Предисловие к изданию Penguin: Широкая и открытая дорога
В книге «Все твердое растворяется в воздухе» я определяю модернизм как любую попытку современных людей стать субъектами, а вместе с тем и объектами модернизации, понять современный мир и найти свое место в нем. В таком виде идея модернизма гораздо шире и включает больше аспектов, нежели при трактовке, принятой обычно в научных трудах. В таком виде идея модернизма подразумевает открытую и просторную дорогу к пониманию культуры; так она сильно отличается от кураторского подхода, при котором деятельность человека разбивают на фрагменты, а затем сортируют по отдельным ящикам, помечая время, место, язык, жанр и научную дисциплину.
Эта широкая и открытая дорога – всего лишь один из множества возможных путей, но она обладает определенными достоинствами. Выбрав ее, мы можем считать все виды художественной, интеллектуальной, религиозной или политической деятельности составляющими одного диалектического процесса и способствовать творческому взаимодействию между ними. Она способствует диалогу между прошлым, настоящим и будущим. Эта дорога проходит и через физическое, и через социальное пространство, обнажая общее между великими творцами и обычными людьми, между обитателями, как мы нелепо выражаемся, Старого и Нового Света, а также Третьего мира. Она объединяет людей, несмотря на их этнические, национальные, половые, классовые и расовые различия. Она позволяет нам шире взглянуть на наш собственный опыт, показывает, что в нашей жизни больше смысла, чем мы думаем, придает ей новый резонанс и глубину.
Безусловно, это не единственный способ интерпретировать современную культуру или культуру в целом. Однако он наиболее логичен, если мы хотим, чтобы культура питала современную жизнь, а не превращалась в культ мертвых.
Если мы взглянем на модернизм как на отчаянную попытку ужиться в постоянно меняющемся мире, то поймем, что ни один из видов модернизма нельзя назвать окончательным. Наши наиболее изобретательные построения и достижения неизбежно обратятся в тюрьмы и гробы повапленные,[1], из которых нам или нашим детям придется сбежать или же преобразовать их, чтобы жизнь продолжалась. Подпольный человек Достоевского в бесконечном диалоге с самим собой именно об этом и говорит:
Вы, может быть, думаете, господа, что я сумасшедший? Позвольте оговориться. Я согласен: человек есть животное, по преимуществу созидающее, присужденное стремиться к цели сознательно и заниматься инженерным искусством, то есть вечно и беспрерывно дорогу себе прокладывать хотя куда бы то ни было. ‹…› Человек любит созидать и дороги прокладывать, это бесспорно. Но ‹…› может быть ‹…› он сам инстинктивно боится достигнуть цели и довершить созидаемое здание? Почем вы знаете, может быть, он здание-то любит только издали, а отнюдь не вблизи; может быть, он только любит созидать его, а не жить в нем…

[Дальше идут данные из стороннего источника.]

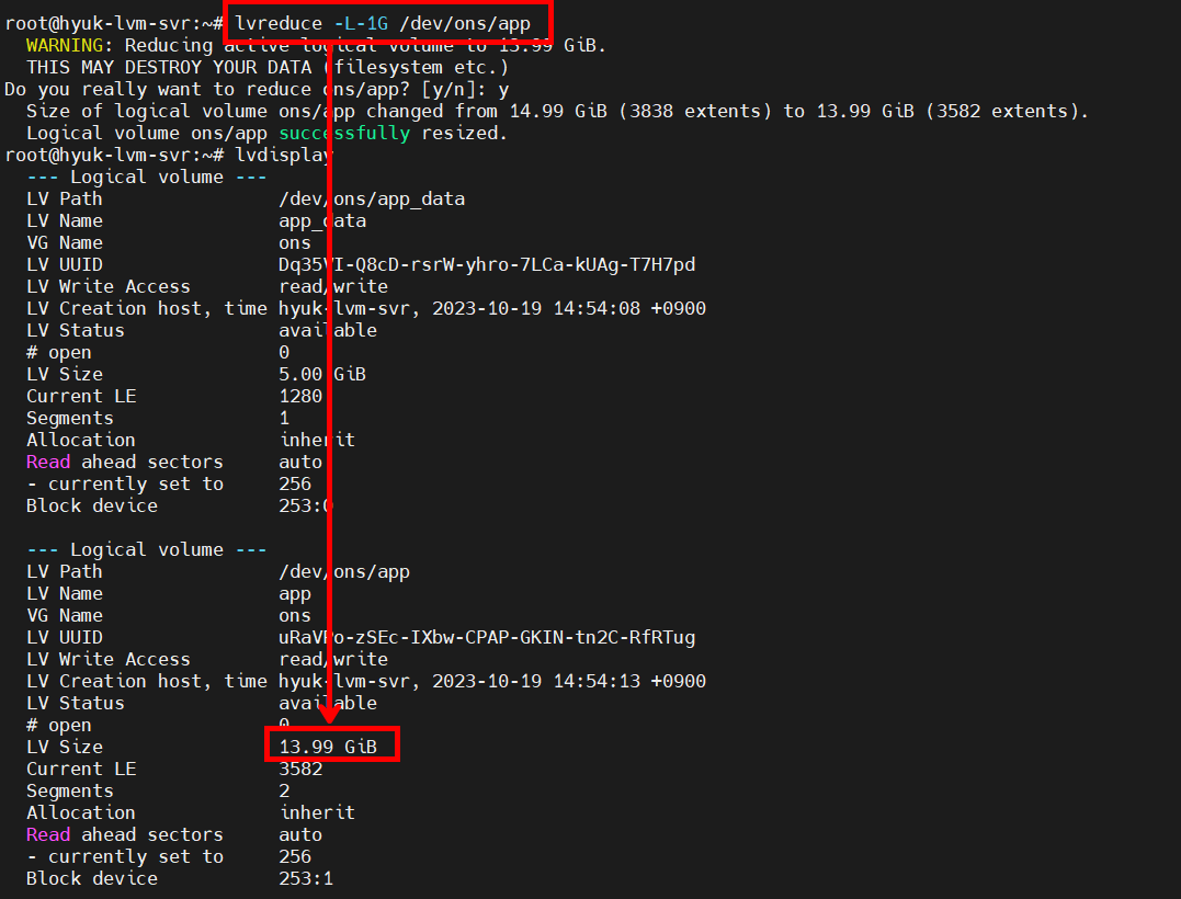 다음과 같이 LV 볼륨을 축소하는 것도 가능합니다. 축소할 때 주의사항은 데이터가 소실될 수 있습니다.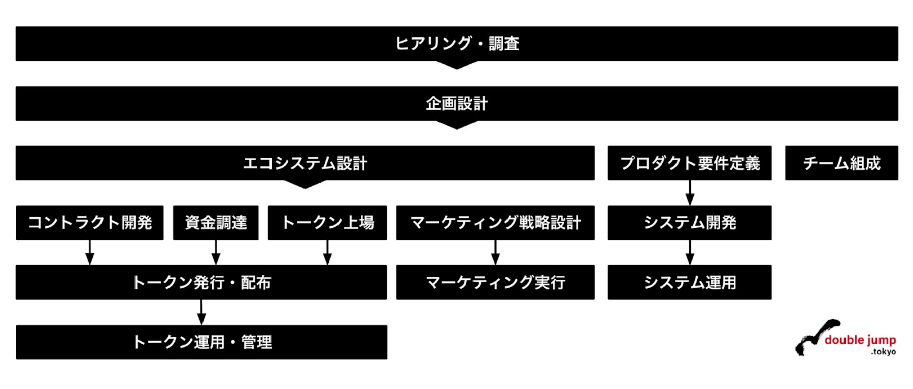 double jump.tokyo社の持つweb3領域の豊富な企画・開発実績と、BOBG社のトークン発行・運用の実績を掛け合わせることで、トークン発行における複雑な論点を解決し、トークン発行の企画から発行後の運用まで包括的にサポートします。

Я весьма резко ощутил столкновение различных модернизмов, и даже поучаствовал в нем, когда в 1987 году, после выхода португальского перевода этой книги, посетил Бразилию. Первой моей остановкой стала Бразилиа – столица, выстроенная ex nihilo[2], по приказу президента Жуселину Кубичека в конце 1950-х – начале 1960-х годов в географическом центре страны. Ее спроектировали Лусиу Коста и Оскар Нимейер, левые последователи Ле Корбюзье. С воздуха Бразилиа выглядит динамичным и завораживающим городом; кстати, она специально построена так, чтобы формой напоминать самолет, из окна которого я (как, по сути, и все остальные гости) впервые ее увидел. Однако на земле, непосредственно там, где живут и работают люди, это один из самых гнетущих городов мира. У меня нет места подробно описывать планировку Бразилиа, но общее впечатление от нее – и его подтвердил каждый встреченный мною бразилец – таково: огромные пустые пространства, в которых индивид чувствует себя потерянным и столь же одиноким, как человек на Луне. В этом городе преднамеренно не создавали общественных пространств, где люди могли бы встречаться и разговаривать или просто прогуливаться и разглядывать друг друга. Великая традиция иберийской и латиноамериканской урбанистики, в рамках которой городская жизнь организуется вокруг plaza mayor[3], оказалась полностью отброшена.
Планировка Бразилиа идеально подошла бы столице военной диктатуры во власти генералов, стремящихся держать народ на расстоянии, разделять и подавлять. Однако для столицы демократии это позор. Во время публичных дискуссий и в прессе я настаивал, что если Бразилия собирается и дальше идти демократическим путем, то ей необходимы демократические общественные пространства, где люди со всей страны могли бы свободно собираться, общаться друг с другом и обращаться к своему правительству – в конце концов, при демократии это именно их правительство, – а также обсуждать свои нужды и желания, извещать о своей воле.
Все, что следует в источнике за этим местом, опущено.